### PROBLEM TO WORK ON:
When you restate the entries that follow, keep every word exactly and drop the pictures.

═════ LISTED RECORDS

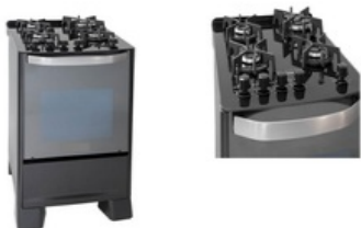
FOGÃO GÁS GLP

em uso. Estrutura lateral/pés: Estrutura metálica lateral em tubo de aço SAE 1010/1020 oblongo 50x20x1,5mm. Pés em chapa de aço 1010/1020 com 2,5mm de espessura, com largura de 65mm e profundidade de 300mm Revestimento: toda estrutura metálica com tratamento de desengraxe, decapagem e fostatização, pintura tinta epóxi-pó. Especificações: Largura do assento: 900mm Profundidade do assento: 470mm Profundidade do assento e do encosto rebatido: 330mm Largura do encosto: 900mm Altura do encosto: 520 mm Cor: Vermelha
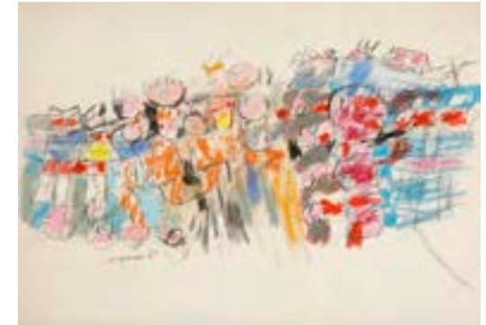
Sin título , 1961 Técnica mixta sobre papel 35 x 50 cm

Catálogo razonado de Mompó Tomo 1. Pág. 273. Ref. 1961/70 Procedencia: Estudio del artista || Colección hijos de Hernández Mompó
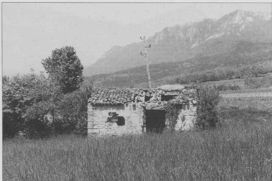
Budanje - opuščena gruntna bajta (foto A. Ščukovt, 1996). ♦ Budanje - abandoned cottage (photo A. Ščukovt, 1996). ♦ Budanje - maisonnette abandonnée (photo: A. Ščukovt, 1996).

odprtini, ki sta tako kot vratna, obdani s kamnitim okvirjem. Oprema je lesena klop z mizo. Del prostora v teh zavetiščih je bil namenjen tudi za živino. Tu so imeli največ po par volov. Vole so rabili za oranje vinograda in da so delali gnoj oziroma za gnojenje.
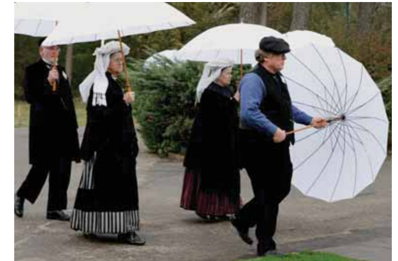
Tijdens de opening was het droog, maar voor de zekerheid had het Nederlands Centrum voor Volkscultuur voor paraplu's gezorgd.

Maar is het niet juist deze dynamiek die onze Sinterklaas in leven houdt? Is het erg als Sinterklaas met een Turks accent zou spreken en omringd wordt door witte pieten? Als wij de traditie willen normeren, dan wordt het een museale traditie, een ritueel dat een plaats krijgt bij braderieën en georganiseerde evenementen. Dan bestaat het risico dat Sinterklaas op termijn niet langer de springlevende, dynamische oude man van nu is, die bereid is om zijn gedrag aan te passen aan een veranderende wereld. Dan zal de brave man verkommeren in het museum van oude gebruiken. Het is daarom vanuit een etnologisch perspectief cruciaal dat wij in het kader van de UNESCO streven naar een dynamische vorm van bescherming, waarin met respect wordt omgegaan met het verleden, maar waarin voldoende ruimte is voor verandering en dus voor de toekomst. Kernbegrippen daarbij zijn documenteren en faciliteren.
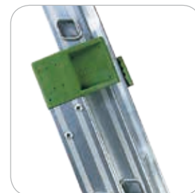
Schiebeelemente mit Nylon überzogen.
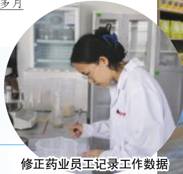
修正药业员工记录工作数据
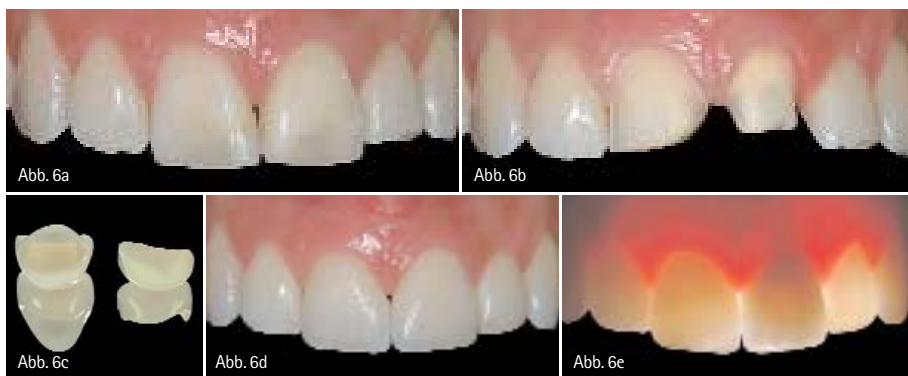
Abb. 6a: Patientin mit ästhetisch insuffizienter großer Kompositfüllung an Zahn 11 und adhäsiv wiederbefestigtem Zahnfragment nach Trauma am endodontisch behandelten Zahn 21. – Abb. 6b: Präparationen für ein Keramikveneer am rechten und eine Zirkonoxidkrone am linken mittleren Schneidezahn. – Abb. 6c: Labortechnisch fertiggestelltes Veneer und Zirkonoxidkrone (Zahn-technik: Hubert Schenk). – Abb. 6d: Die Arbeiten aus Vollkeramik stellen Funktion und Ästhetik in eindrucksvoller Weise wieder her. – Abb. 6e: Im Durchlicht zeigt sich die natürlich wirkende Lichtleitung der vollkeramischen Restaurationen.

══════════

### FINISHED EXERCISE:
FOGÃO GÁS GLP

em uso. Estrutura lateral/pés: Estrutura metálica lateral em tubo de aço SAE 1010/1020 oblongo 50x20x1,5mm. Pés em chapa de aço 1010/1020 com 2,5mm de espessura, com largura de 65mm e profundidade de 300mm Revestimento: toda estrutura metálica com tratamento de desengraxe, decapagem e fostatização, pintura tinta epóxi-pó. Especificações: Largura do assento: 900mm Profundidade do assento: 470mm Profundidade do assento e do encosto rebatido: 330mm Largura do encosto: 900mm Altura do encosto: 520 mm Cor: Vermelha
Sin título , 1961 Técnica mixta sobre papel 35 x 50 cm

Catálogo razonado de Mompó Tomo 1. Pág. 273. Ref. 1961/70 Procedencia: Estudio del artista || Colección hijos de Hernández Mompó
Budanje - opuščena gruntna bajta (foto A. Ščukovt, 1996). ♦ Budanje - abandoned cottage (photo A. Ščukovt, 1996). ♦ Budanje - maisonnette abandonnée (photo: A. Ščukovt, 1996).

odprtini, ki sta tako kot vratna, obdani s kamnitim okvirjem. Oprema je lesena klop z mizo. Del prostora v teh zavetiščih je bil namenjen tudi za živino. Tu so imeli največ po par volov. Vole so rabili za oranje vinograda in da so delali gnoj oziroma za gnojenje.
Tijdens de opening was het droog, maar voor de zekerheid had het Nederlands Centrum voor Volkscultuur voor paraplu's gezorgd.

Maar is het niet juist deze dynamiek die onze Sinterklaas in leven houdt? Is het erg als Sinterklaas met een Turks accent zou spreken en omringd wordt door witte pieten? Als wij de traditie willen normeren, dan wordt het een museale traditie, een ritueel dat een plaats krijgt bij braderieën en georganiseerde evenementen. Dan bestaat het risico dat Sinterklaas op termijn niet langer de springlevende, dynamische oude man van nu is, die bereid is om zijn gedrag aan te passen aan een veranderende wereld. Dan zal de brave man verkommeren in het museum van oude gebruiken. Het is daarom vanuit een etnologisch perspectief cruciaal dat wij in het kader van de UNESCO streven naar een dynamische vorm van bescherming, waarin met respect wordt omgegaan met het verleden, maar waarin voldoende ruimte is voor verandering en dus voor de toekomst. Kernbegrippen daarbij zijn documenteren en faciliteren.
Schiebeelemente mit Nylon überzogen.
修正药业员工记录工作数据
Abb. 6a: Patientin mit ästhetisch insuffizienter großer Kompositfüllung an Zahn 11 und adhäsiv wiederbefestigtem Zahnfragment nach Trauma am endodontisch behandelten Zahn 21. – Abb. 6b: Präparationen für ein Keramikveneer am rechten und eine Zirkonoxidkrone am linken mittleren Schneidezahn. – Abb. 6c: Labortechnisch fertiggestelltes Veneer und Zirkonoxidkrone (Zahn-technik: Hubert Schenk). – Abb. 6d: Die Arbeiten aus Vollkeramik stellen Funktion und Ästhetik in eindrucksvoller Weise wieder her. – Abb. 6e: Im Durchlicht zeigt sich die natürlich wirkende Lichtleitung der vollkeramischen Restaurationen.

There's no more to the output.